Brief:
Would you print out all of the data exactly and keep the pictures out of it?

Information supplied:
□ □ □ □ □
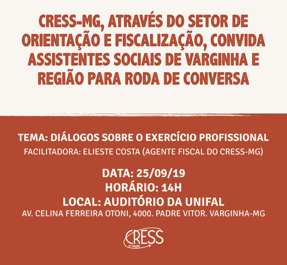 CRESS-MG promove roda de conversa em Varginha no dia 25/09. Participe!
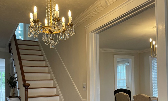 A sunlit enclosed porch with french doors welcomes you to the grand foyer. The first floor has a large family room, fireplace, large formal dining room, and newly renovated kitchen featuring all new appliances. Off the kitchen is an enclosed porch that can serve as a breakfast nook or a place to relax. The second floor features the primary bedroom with a walk-in closet and renovated high-end bathroom with a radiant towel warmer, a modern frameless shower with a spa-like shower head, and a fogless dimmable mirror. Also, you will find two additional bedrooms with a full bathroom upstairs. Our home has a finished basement with a powder room and washer/dryer for your use during your stay. We are so excited to host you in our lovely home and welcome any questions you may have! Please don't hesitate to contact us!
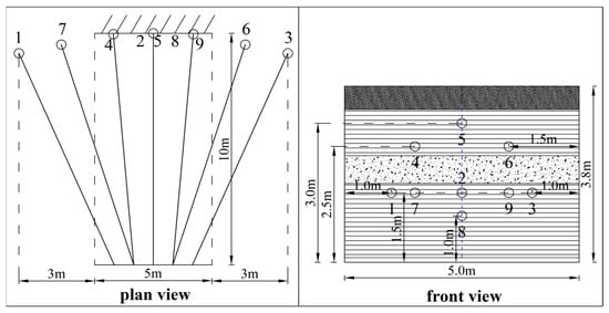 Figure 5. The layout of 9 boreholes for K1 test in the working face. - (2)
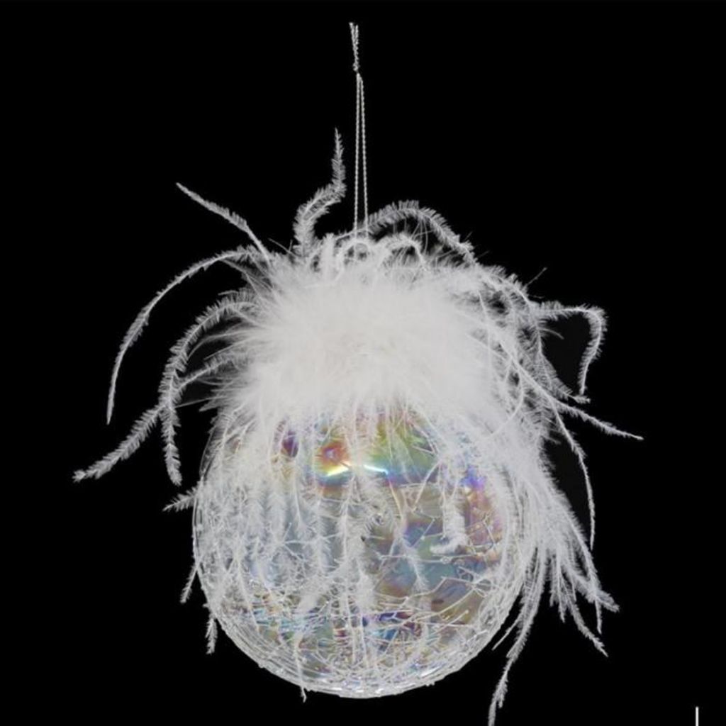 Informations Techniques : Dimensions : D. 10 cm Matière : Verre Spécificités : Pratique & Utile Boule de Noël Forme Ronde Effet Irisé Avec Plumes Poids : 0,058 kg Couleur : Blanc
□ □ □ □ □
Solution below:
 CRESS-MG promove roda de conversa em Varginha no dia 25/09. Participe!
 A sunlit enclosed porch with french doors welcomes you to the grand foyer. The first floor has a large family room, fireplace, large formal dining room, and newly renovated kitchen featuring all new appliances. Off the kitchen is an enclosed porch that can serve as a breakfast nook or a place to relax. The second floor features the primary bedroom with a walk-in closet and renovated high-end bathroom with a radiant towel warmer, a modern frameless shower with a spa-like shower head, and a fogless dimmable mirror. Also, you will find two additional bedrooms with a full bathroom upstairs. Our home has a finished basement with a powder room and washer/dryer for your use during your stay. We are so excited to host you in our lovely home and welcome any questions you may have! Please don't hesitate to contact us!
 Figure 5. The layout of 9 boreholes for K1 test in the working face. - (2)
 Informations Techniques : Dimensions : D. 10 cm Matière : Verre Spécificités : Pratique & Utile Boule de Noël Forme Ronde Effet Irisé Avec Plumes Poids : 0,058 kg Couleur : Blanc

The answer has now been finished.